Deep-Inverse Correlography: Towards Real-Time High-Resolution Non-Line-Of-Sight Imaging
Deep Inverse Correlography: A camera uses light scattered off of a rough wall, known as a virtual detector, to reconstruct an image of the hidden object. When using a continuous-wave laser, the camera records speckle. Inset, non-line-of-sight (NLOS) correlography estimates an object’s autocorrelation using speckle images. It then uses this autocorrelation estimate to recover the object’s shape by solving a Phase Retrieval problem. Because it is more robust to noise, the CNN-based method can operate with far less light and thus at higher frame rates than a system relying on traditional PR algorithms like HIO or Alt-Min (exposure time length indicated in the bottom legend).

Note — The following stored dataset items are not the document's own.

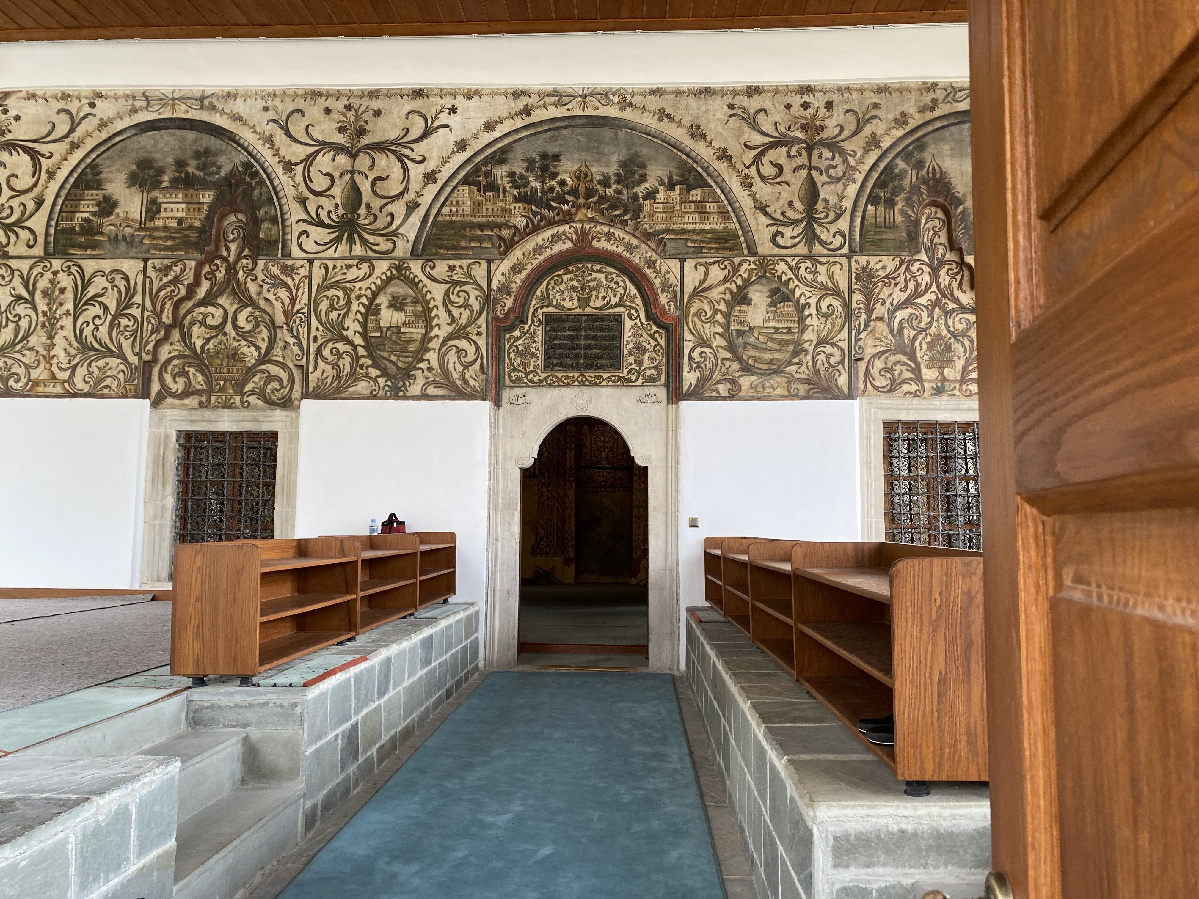 On the outside and in the portico there are colourful frescoes outside which depict trees, waterfalls and bridges, motifs rarely seen in Islamic art.
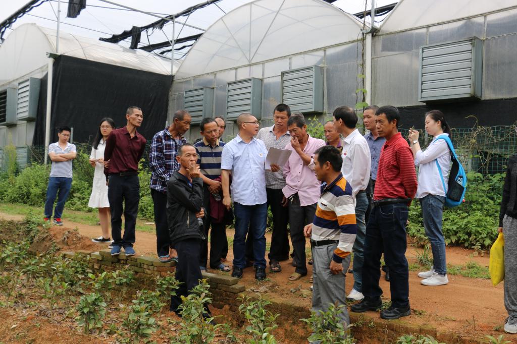 讲座结束后,教师党员们分两组开展实地调研指导。一组到和溪镇坂场村花卉苗木种植基地,开展病虫害防治、土壤利用等方面的调研与指导,诊断病情并现场答疑;另一组到月星村调研了解桃金娘、当地特产猴公茶等种植生产情况,并对桃金娘扦插技术提出指导性意见。
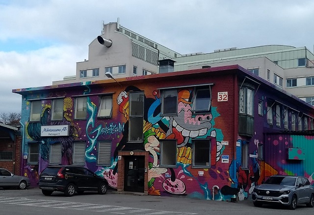 Vid vår rundvandring upptäckte vi ett hus helt täckt av graffiti, och i lokaltidningen från 22 november 2019 läser jag den troliga förklaringen:
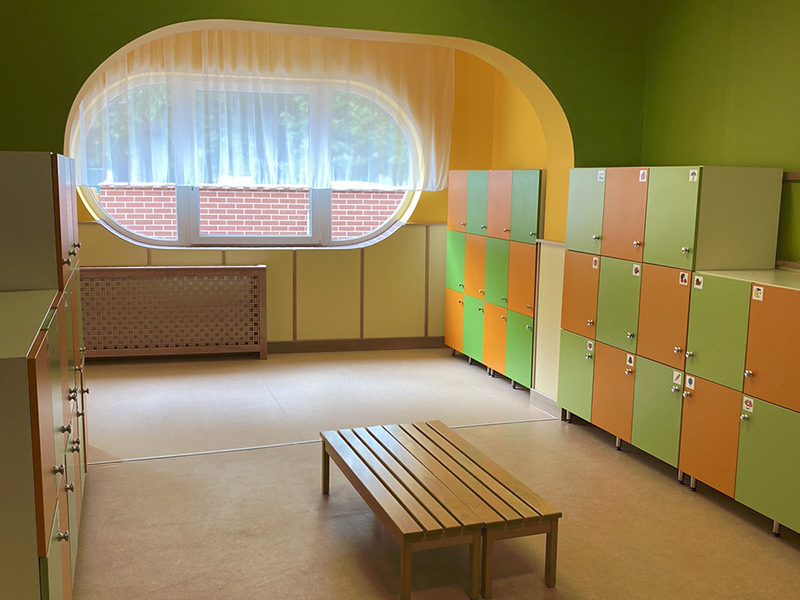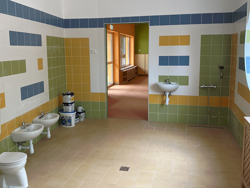 A település önkormányzata a megnövekedett társadalmi igények kielégítése céljából a meglévő kétcsoportos bölcsődéjét bővítette, melyhez Uniós pénz-forrást vont be. A meglévő bölcsőde bővítése a szűkös területi adottságok és a meglévő beépítés figyelembevételével az épület utcafronti oldalán volt lehetséges. A bővítés funkcionális kialakítása szerencsésen megoldható volt a meglévő öltöző bővítésével az épület homlokzati síkja elé, majd ehhez kapcsolódóan a gyermekfürdő folytatásában a foglalkoztató kialakítása. A foglalkoztató elé e meglévő fedett terasz befordul és biztosítja a játszóudvari kapcsolatot is. A bővítés megvalósításához el kellett bontani az akadálymentes közlekedést biztosító rámpát, amit az új homlokzati sík elé kellett visszaépíteni. El kellett bontani továbbá az utcai kerítést és az új telekhatárra megépíteni. A telek szükséges bővítése miatt az ingatlan előtt húzódó járdát át kellett építeni az új kerítés elé, továbbá a meglévő csapadékvíz elvezető árkot le kellett fedni, mivel a jogszabályokban minimálisan előírt parkolóhelyek számát így tudtuk biztosítani. Szükséges volt még a bővítés miatt a további 1 db árnyékolóval ellátott homokozó megépítése is a játszóudvaron. A személyzet bővülése miatt a meglévő személyzeti öltözők is bővítésre kerültek, ez a takarítószer tároló és öltöző közötti fal elbontásával volt megoldható. A bővítéssel 12 új férőhelyet tudtunk létrehozni.
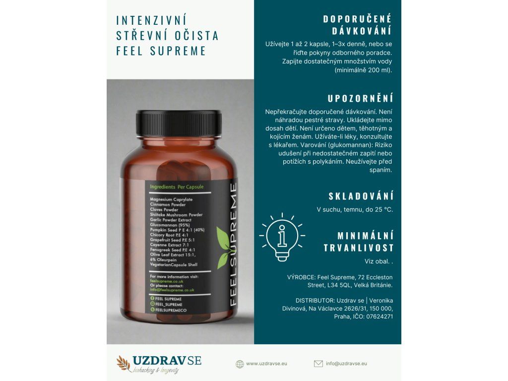 Doplněk stravy (90 kapslí); Dávkování: 1–2 kapsle, 1–3x denně (zapijte minimálně 200 ml vody); Aktivní látky: Kaprylát hořečnatý, skořice, hřebíček, Shiitake, extrakt z česneku, glukomannan, dýňové semínko, kořen čekanky, grapefruitová semínka, cayenne extrakt, pískavice a extrakt z olivového listu; Upozornění: Nepřekračujte doporučené dávkování. Není náhradou pestré stravy a zdravého životního stylu. Není určeno dětem, těhotným a kojícím ženám. Ukládejte mimo dosah dětí. Osoby užívající léky by měly konzultovat užívání s lékařem. Varování (glukomannan): Riziko udušení při nedostatečném zapití nebo potížích s polykáním. Neužívejte těsně před spaním. Skladujte v suchu a chladu do 25 °C.

Low signal-to-noise ratio measurements, primarily due to the quartic attenuation of intensity with distance, are arguably the fundamental barrier to real-time, high-resolution, non-line-of-sight (NLoS) imaging at long stand-offs. To better model, characterize, and exploit these low SNR measurements, we use spectral estimation theory to derive a noise model for NLoS correlography. We use this model to develop a speckle correlation based technique for recovering occluded objects from indirect reflections. Then, using only synthetic data sampled from the proposed noise model, and without knowledge of the experimental scenes nor their geometry, we train a deep convolutional neural network (CNN) to solve the noisy phase retrieval problem associated with correlography. We validate that the resulting Deep-Inverse Correlography approach is exceptionally robust to noise, far exceeding the capabilities of existing NLOS systems both in terms of spatial resolution achieved and in terms of total capture time. We use the proposed technique to demonstrate NLoS imaging with 300 μm resolution at a 1 m standoff, using just two 18-th second exposure-length images from a standard CMOS detector.